*WORK ORDER*: Within the entries below, find the portion that opens with the line containing "GeForce NOW hesabıma" and closes with the line containing "<!DOCTYPE html> <html>". Retype that portion exactly and only.

*AVAILABLE DATA*:
* * * * * * *

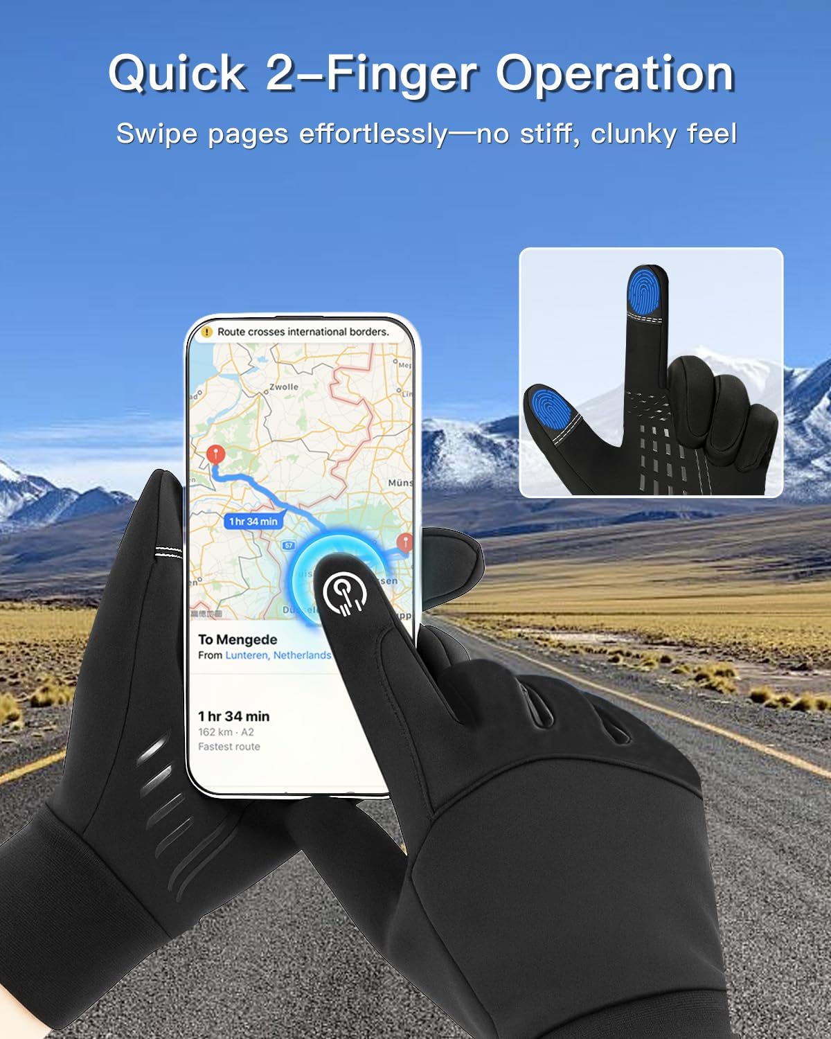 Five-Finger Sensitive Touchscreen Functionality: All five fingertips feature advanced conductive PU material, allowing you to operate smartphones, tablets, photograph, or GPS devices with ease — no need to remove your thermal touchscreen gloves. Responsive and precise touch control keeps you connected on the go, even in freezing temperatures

* * * * * * *

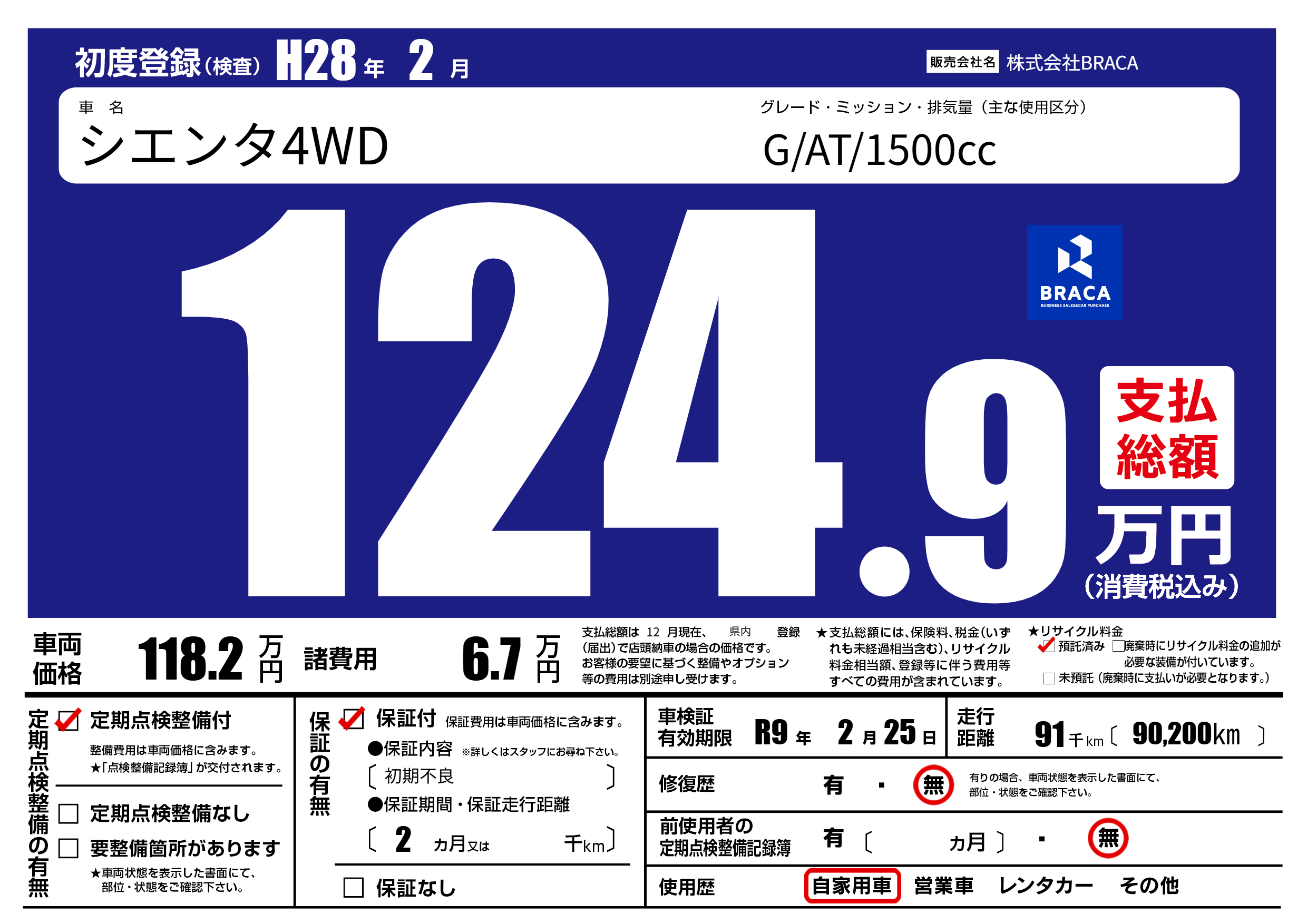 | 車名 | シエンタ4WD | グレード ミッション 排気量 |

* * * * * * *

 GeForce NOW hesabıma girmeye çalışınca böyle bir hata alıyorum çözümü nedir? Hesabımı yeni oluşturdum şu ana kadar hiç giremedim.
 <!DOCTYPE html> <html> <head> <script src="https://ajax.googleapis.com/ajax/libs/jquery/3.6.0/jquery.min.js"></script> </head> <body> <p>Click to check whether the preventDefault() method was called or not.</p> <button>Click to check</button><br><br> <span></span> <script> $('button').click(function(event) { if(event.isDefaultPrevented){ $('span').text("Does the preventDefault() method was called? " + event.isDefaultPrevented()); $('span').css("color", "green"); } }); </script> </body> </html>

* * * * * * *

*OUTPUT FOR THIS TASK*:
 GeForce NOW hesabıma girmeye çalışınca böyle bir hata alıyorum çözümü nedir? Hesabımı yeni oluşturdum şu ana kadar hiç giremedim.
 <!DOCTYPE html> <html> <head> <script src="https://ajax.googleapis.com/ajax/libs/jquery/3.6.0/jquery.min.js"></script> </head> <body> <p>Click to check whether the preventDefault() method was called or not.</p> <button>Click to check</button><br><br> <span></span> <script> $('button').click(function(event) { if(event.isDefaultPrevented){ $('span').text("Does the preventDefault() method was called? " + event.isDefaultPrevented()); $('span').css("color", "green"); } }); </script> </body> </html>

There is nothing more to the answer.